#### Source data:

········

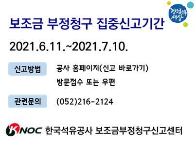 [시사뉴스 정윤철 기자] 한국석유공사는 공공재정 누수 방지를 위한 보조금 부정청구 신고센터를 설치하고, 보조금 부정청구 행위에 대한 집중신고기간을 운영 중이라고 22일 밝혔다.
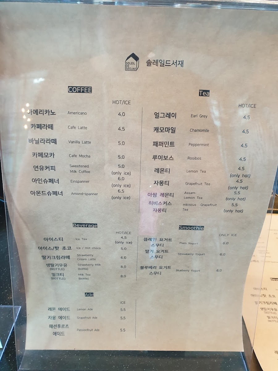 Soleil de Seojae Menu
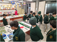 • The middle school foyer and art room were transformed into an art gallery, with exhibits thoughtfully displayed on easel stands, boards, and installations throughout the foyer and art room.
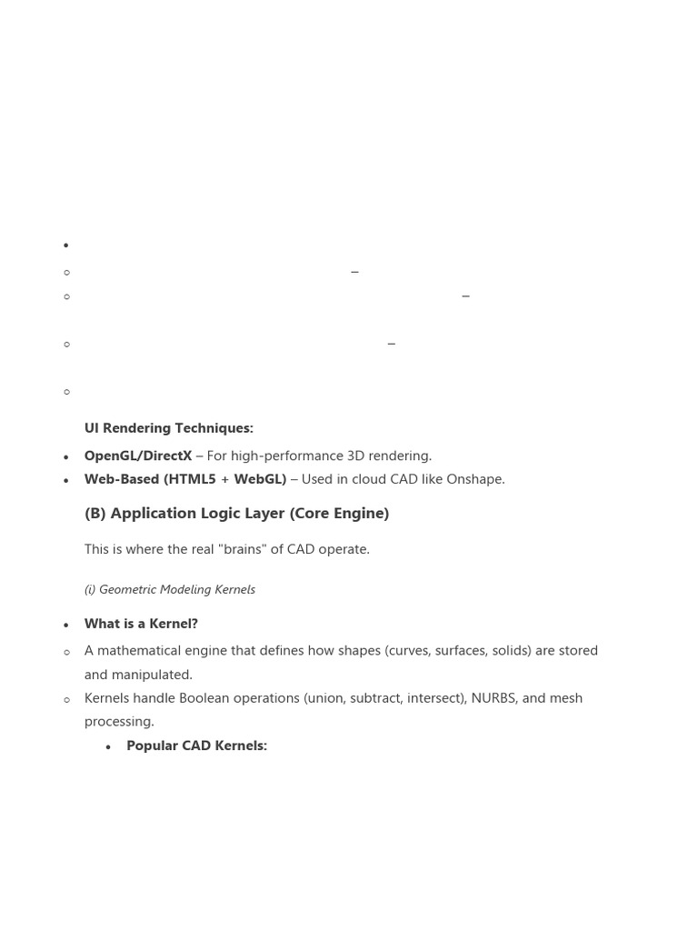 o A mathematical engine that defines how shapes (curves, surfaces, solids) are stored

········

#### Action item:
Pictures stay out; print everything else in the data exactly.

#### Solution to this exercise:
 [시사뉴스 정윤철 기자] 한국석유공사는 공공재정 누수 방지를 위한 보조금 부정청구 신고센터를 설치하고, 보조금 부정청구 행위에 대한 집중신고기간을 운영 중이라고 22일 밝혔다.
 Soleil de Seojae Menu
 • The middle school foyer and art room were transformed into an art gallery, with exhibits thoughtfully displayed on easel stands, boards, and installations throughout the foyer and art room.
 o A mathematical engine that defines how shapes (curves, surfaces, solids) are stored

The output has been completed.